Task to complete
Retype the following data exactly, but leave its pictures out.

Data
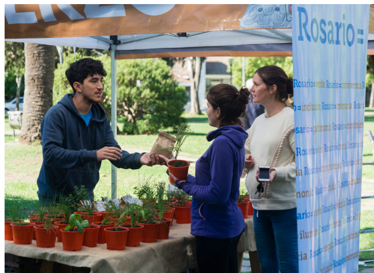
Predio de Bella Vista: Plantas de Tratamiento

➤ Canjes Saludables es una actividad itinerante que promueve la separación de residuos en origen, y que propone la reducción de la cantidad de desechos enviados a disposición final. Se realiza canjeando una bolsa de residuos reciclables por verduras o carga de tarjeta del sistema público de transporte. De este modo, se incentiva a la movilidad sustentable y al consumo de verduras orgánicas producidas por huerteros del Programa de Agricultura Urbana (PAU).
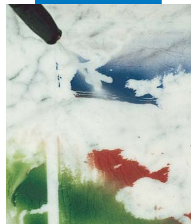
Lavaggio con acqua in pressione di marmo di Carrara trattato con WallGard Graffiti Barrier

migliore esperienza, sono da ritenersi, in ogni caso, puramente indicative e dovranno essere confermate da esaurienti applicazioni pratiche; pertanto, prima di adoperare il prodotto, chi intenda farne uso è tenuto a stabilire se esso sia o meno adatto all'impiego previsto e, comunque, si assume ogni responsabilità che possa derivare dal suo uso.

Result below
Predio de Bella Vista: Plantas de Tratamiento

➤ Canjes Saludables es una actividad itinerante que promueve la separación de residuos en origen, y que propone la reducción de la cantidad de desechos enviados a disposición final. Se realiza canjeando una bolsa de residuos reciclables por verduras o carga de tarjeta del sistema público de transporte. De este modo, se incentiva a la movilidad sustentable y al consumo de verduras orgánicas producidas por huerteros del Programa de Agricultura Urbana (PAU).
Lavaggio con acqua in pressione di marmo di Carrara trattato con WallGard Graffiti Barrier

migliore esperienza, sono da ritenersi, in ogni caso, puramente indicative e dovranno essere confermate da esaurienti applicazioni pratiche; pertanto, prima di adoperare il prodotto, chi intenda farne uso è tenuto a stabilire se esso sia o meno adatto all'impiego previsto e, comunque, si assume ogni responsabilità che possa derivare dal suo uso.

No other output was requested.